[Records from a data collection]
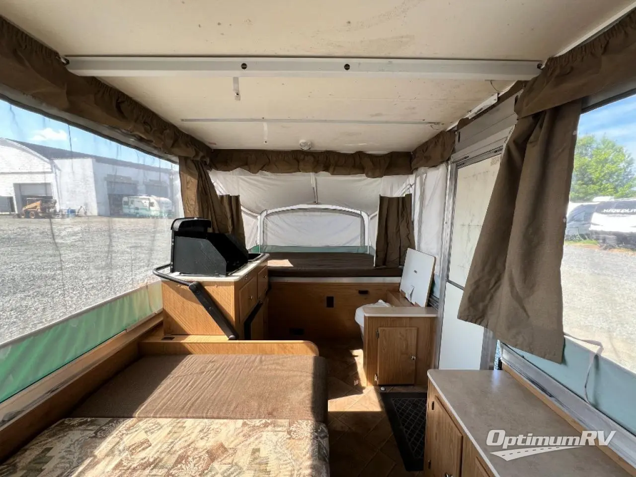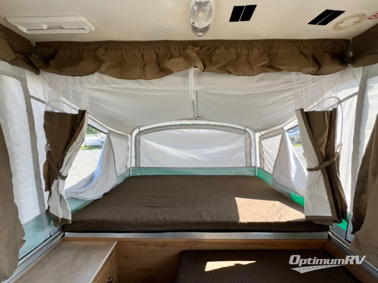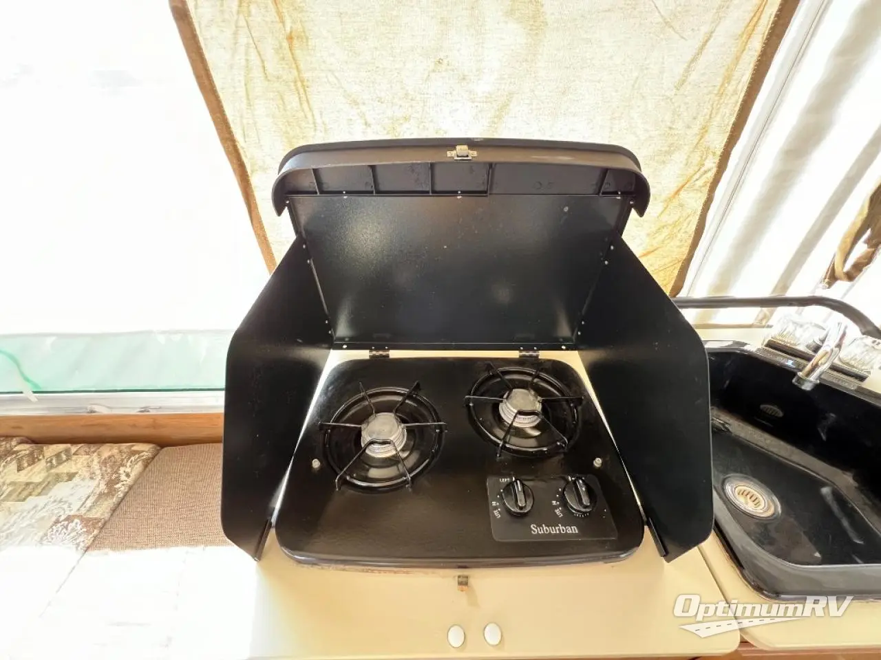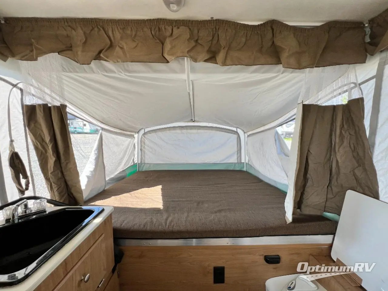 Americana LE Series Folding Camper, Rear & Front Tent End Beds, Booth Dinette w/Portable Table, 2 Burner Range, Single Galley Sink, Storage, Cabinet or Cassette Potti and More.
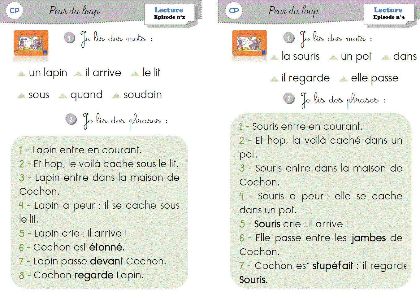 Bonjour bonjour ! J’espère que votre reprise s’est bien passée et que vous arrivez à émerger en ce samedi matin 😕 Pour commencer la journée, voici une jolie contribution de Marie L.  qui travaille avec la méthode Mika, et plus particulièrement sur l’histoire ‘Peur du loup‘. Elle m’a envoyé son super travail que j’ai remis en forme pour les besoins du blog ; vous pourrez donc télécharger le texte illustré, le cahier de lecture et pas moins de 10 fiches d’exercices ! Merci pour ce partage  🙂
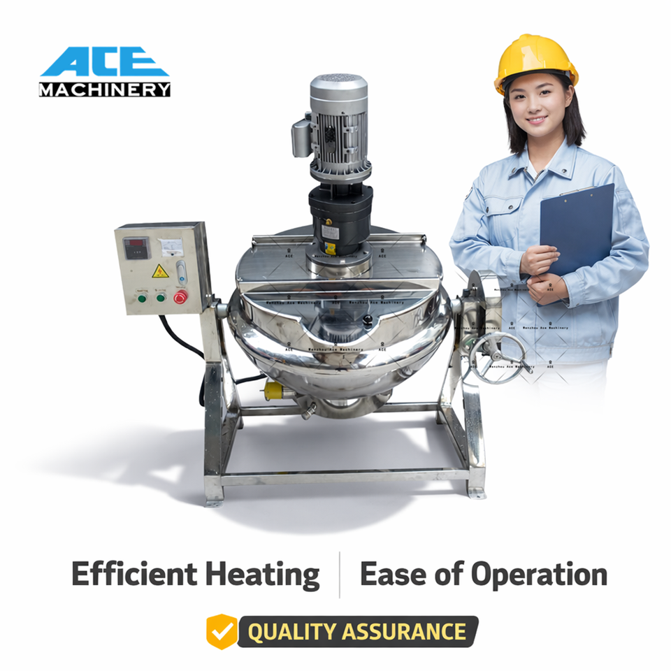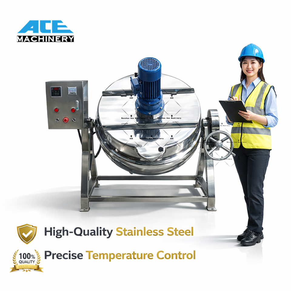 Olla Industrial de Acero Inoxidable de 100L con Chaqueta, Máquina de Cocina Comercial, Olla Basculante con Chaqueta, Calentador Eléctrico con Mezclador
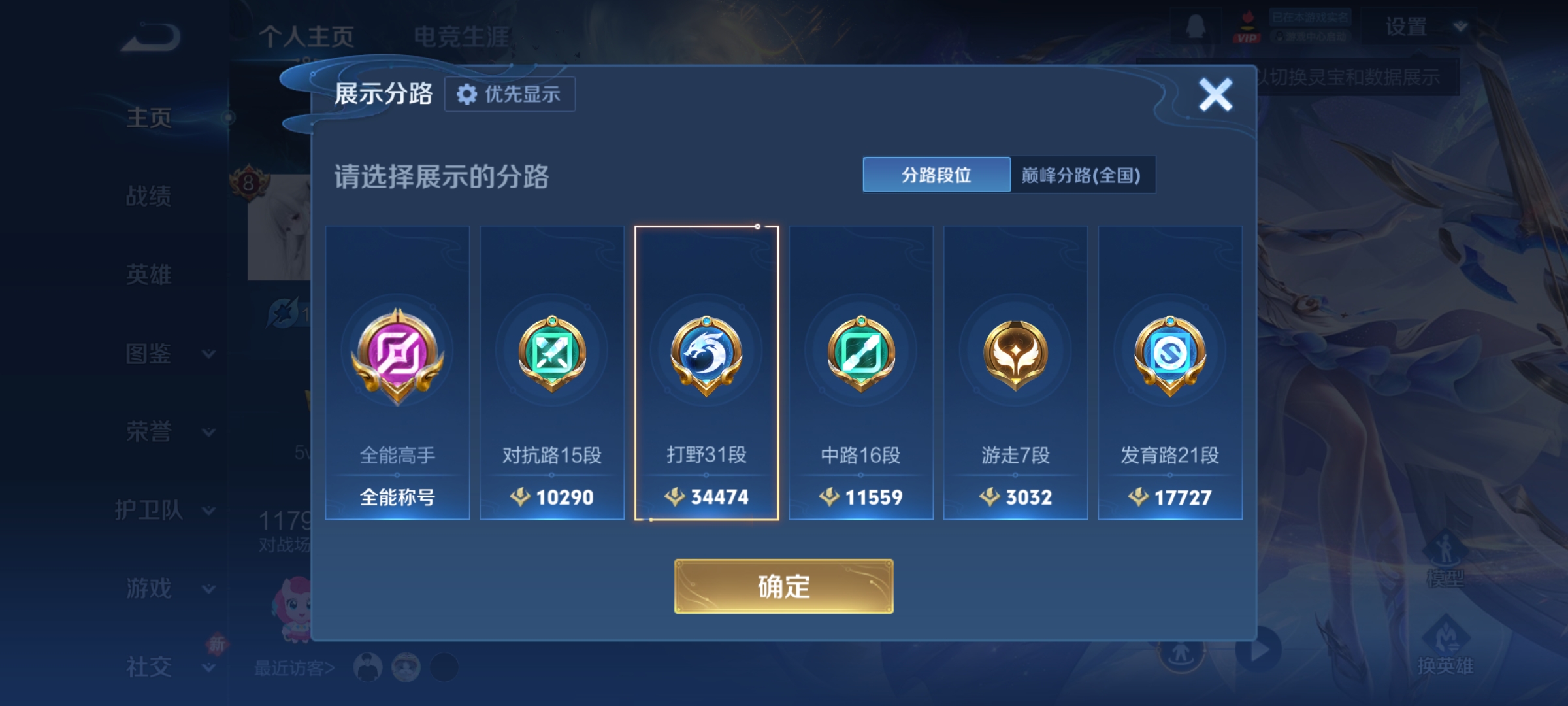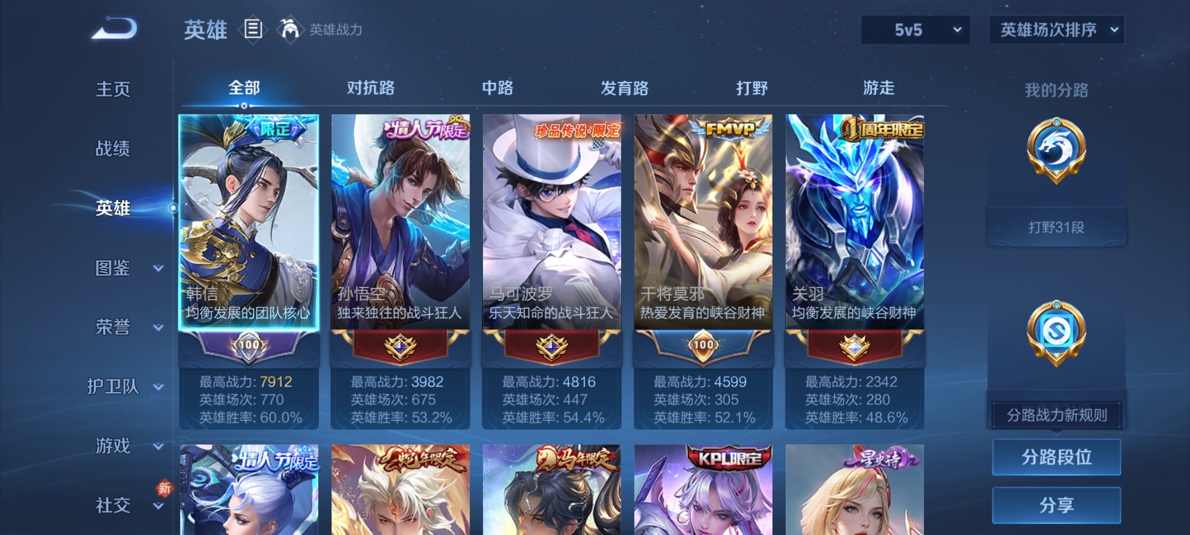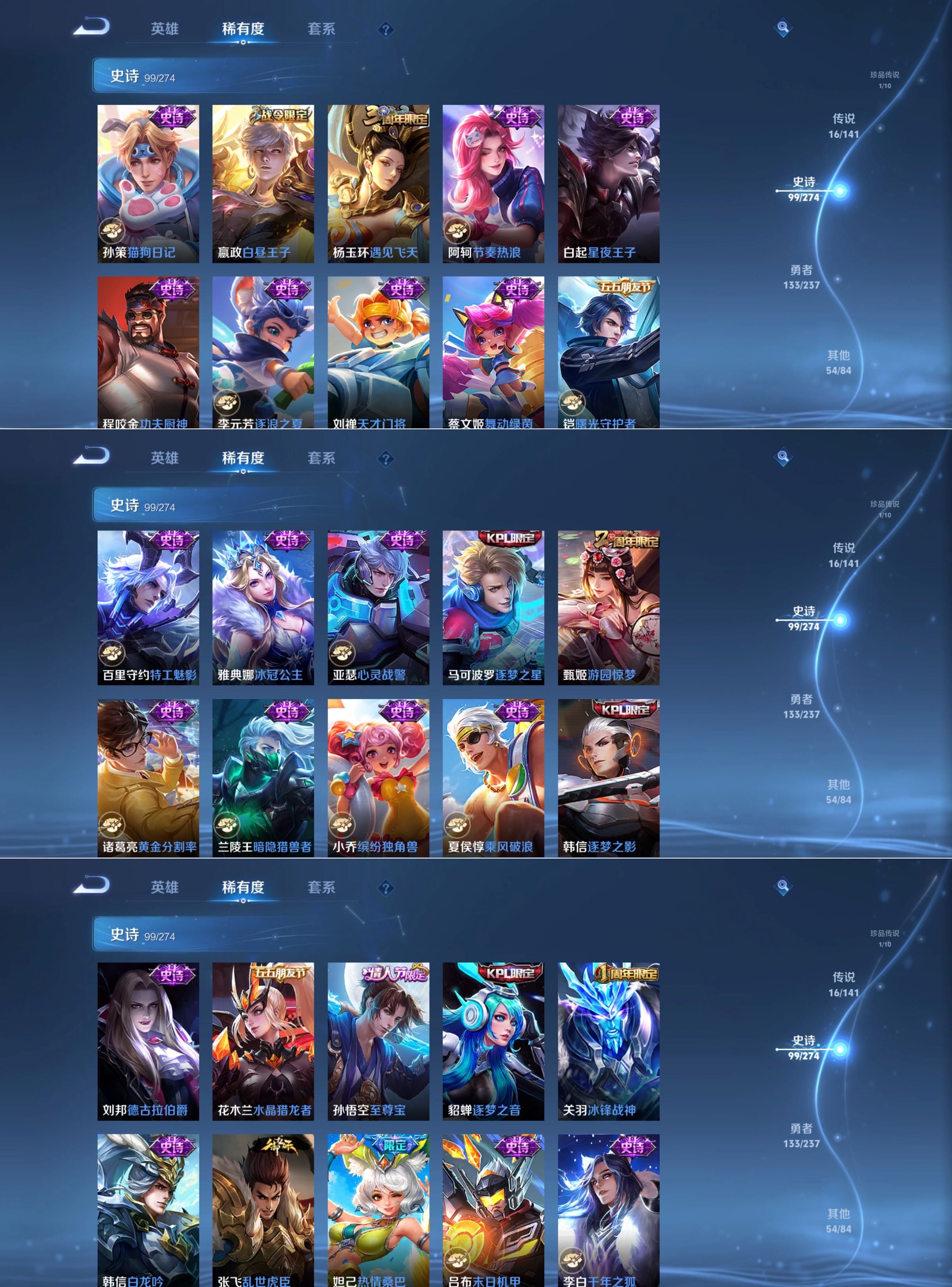 贵族等级:v8皮肤数:305传说品质16 生肖限定4 情人节限定2 珍品传说1 荣耀典藏2 英雄数:128
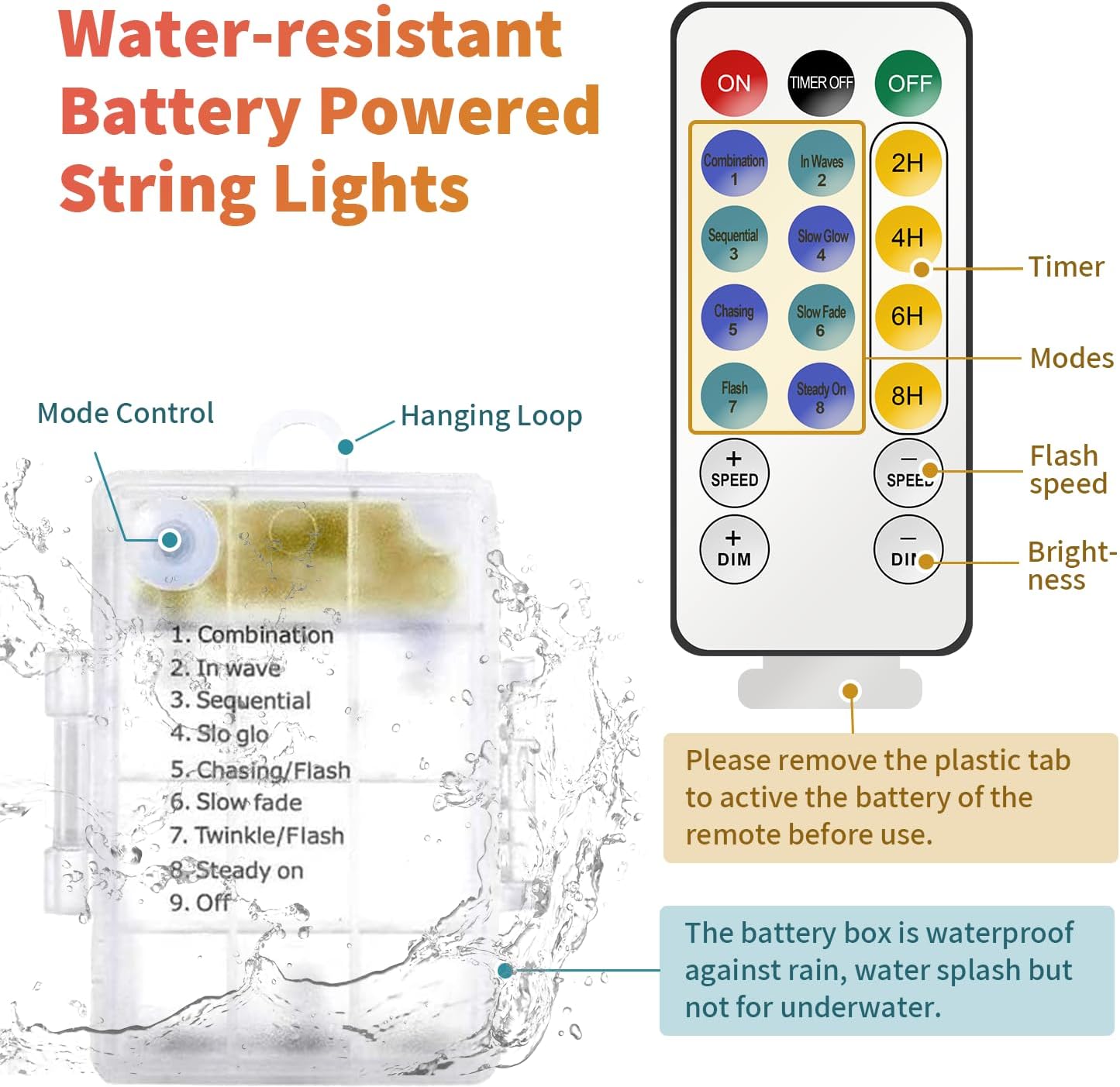 🍁 Handy Remote & Timer - The handy remote control allows you to adjust the brightness, choose lighting modes, and set a timer to automatically turn off the autumn lights. It offers 8 lighting modes including static and twinkle and add a touch of seasonal charm to your autumn decorations
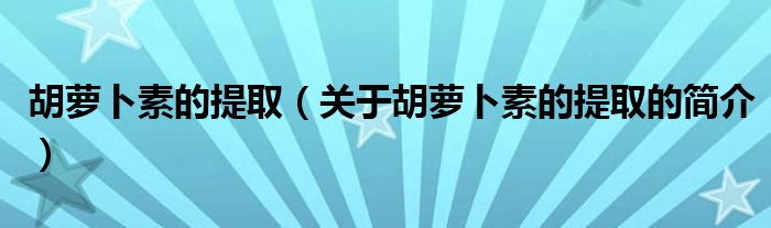 本文關于胡蘿卜素的提取的簡介就講解完畢,希望對大家有所幫助。

ABOUT THIS TASK. Take the line with "Olla Industrial de" and every line after it through the end of the data, and write only them out exactly, leaving out the pictures.

OUTPUT FOR THIS EXERCISE.
 Olla Industrial de Acero Inoxidable de 100L con Chaqueta, Máquina de Cocina Comercial, Olla Basculante con Chaqueta, Calentador Eléctrico con Mezclador
 贵族等级:v8皮肤数:305传说品质16 生肖限定4 情人节限定2 珍品传说1 荣耀典藏2 英雄数:128
 🍁 Handy Remote & Timer - The handy remote control allows you to adjust the brightness, choose lighting modes, and set a timer to automatically turn off the autumn lights. It offers 8 lighting modes including static and twinkle and add a touch of seasonal charm to your autumn decorations
 本文關于胡蘿卜素的提取的簡介就講解完畢,希望對大家有所幫助。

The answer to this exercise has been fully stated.